【イタリア・ミラノ3日(日本時間4日)発】心配はいらないようだ。スピードスケートのミラノ・コルティナ五輪代表が試合会場で練習を行い、女子の佐藤綾乃(29=ANA)は「どんな形の五輪でも楽しむことが大前提。とにかく悔いのないように」と決意を語った。

 今回が3度目の五輪となる佐藤は、団体追い抜き(パシュート)で2018年平昌五輪金メダル、22年北京五輪銀メダルに大きく貢献。女王奪還を目指す今大会は、佐藤、エース・高木美帆(TOKIOインカラミ)、堀川桃香(富士急行)、野明花菜(立大)の4選手で挑む構え。佐藤は「人一倍金メダルを取りたいという思いが強い」と力を込めた。

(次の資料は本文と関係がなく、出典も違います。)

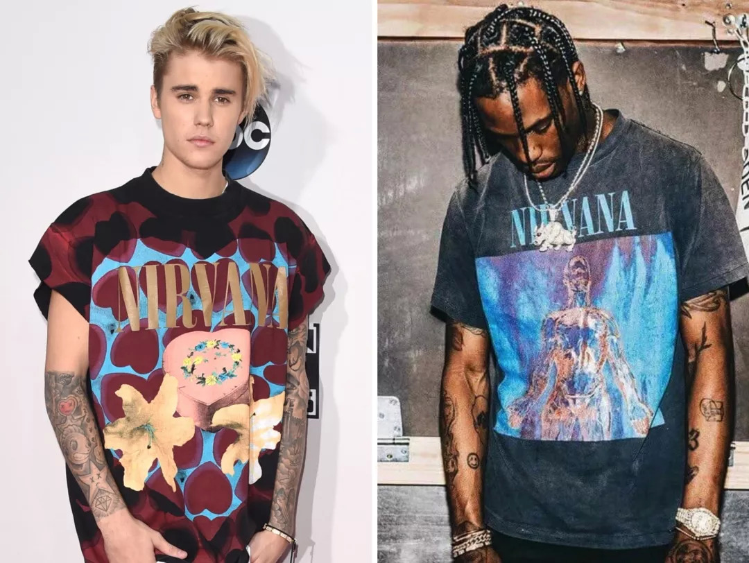 像Justin Biber就不止一次穿Niravana T恤,以向自己崇拜的乐队致敬!
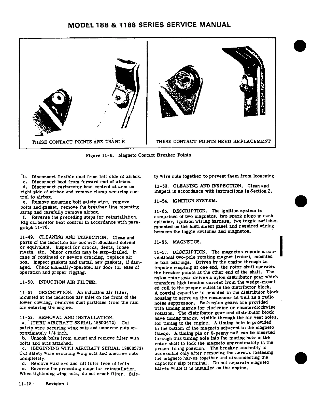 Cessna T188C - Cleaning and Inspection; 11-50. Induction Air Filter; 11-52. Removal and Installation; Description
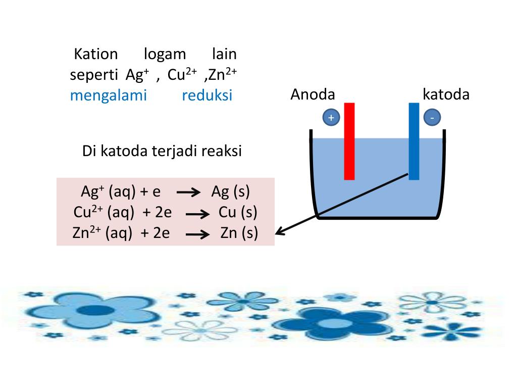 Kation logam lain seperti Ag+ , Cu2+ ,Zn2+mengalami reduksi Anoda katoda + - Di katoda terjadi reaksi Ag+ (aq) + e Ag (s) Cu2+ (aq) + 2e Cu (s) Zn2+ (aq) + 2e Zn (s)
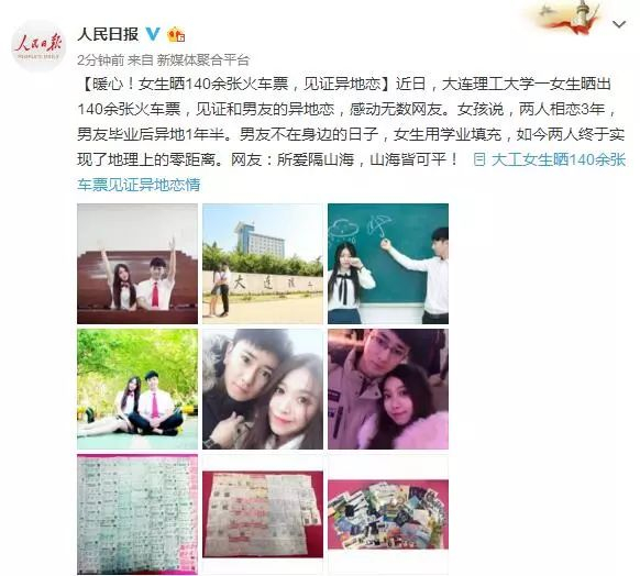 【暖心!女生晒140余张火车票,见证异地恋】近日,大连理工大学一女生晒出140余张火车票,见证和男友的异地恋,感动无数网友。女孩说,两人相恋3年,男友毕业后异地1年半。男友不在身边的日子,女生用学业填充,如今两人终于实现了地理上的零距离。网友:所爱隔山海,山海皆可平!

 試合会場は展示場につくられた仮設リンク。1日の練習時には女子の吉田雪乃(寿広)らがリンクの状態について不安を口にする場面もあった。ある選手は「ボコボコしているとか、うねうねしていると聞いたので心配です」と語っていたが、この日の練習ではパシュートメンバーがそろってリンクに関して前向きな言葉を残した。

 試合会場で初めて滑った佐藤は「心と体と準備をして練習に挑んだけど、みんなが言うよりもガタガタと音がするようなことは、滑っている時はそんなに感じなかった。これはすごくポジティブに捉えることができると思った。出だしとしては好調なのかなと感じた」と充実の表情。2大会ぶりの団体追い抜き金メダルへ、つかみはばっちりだ。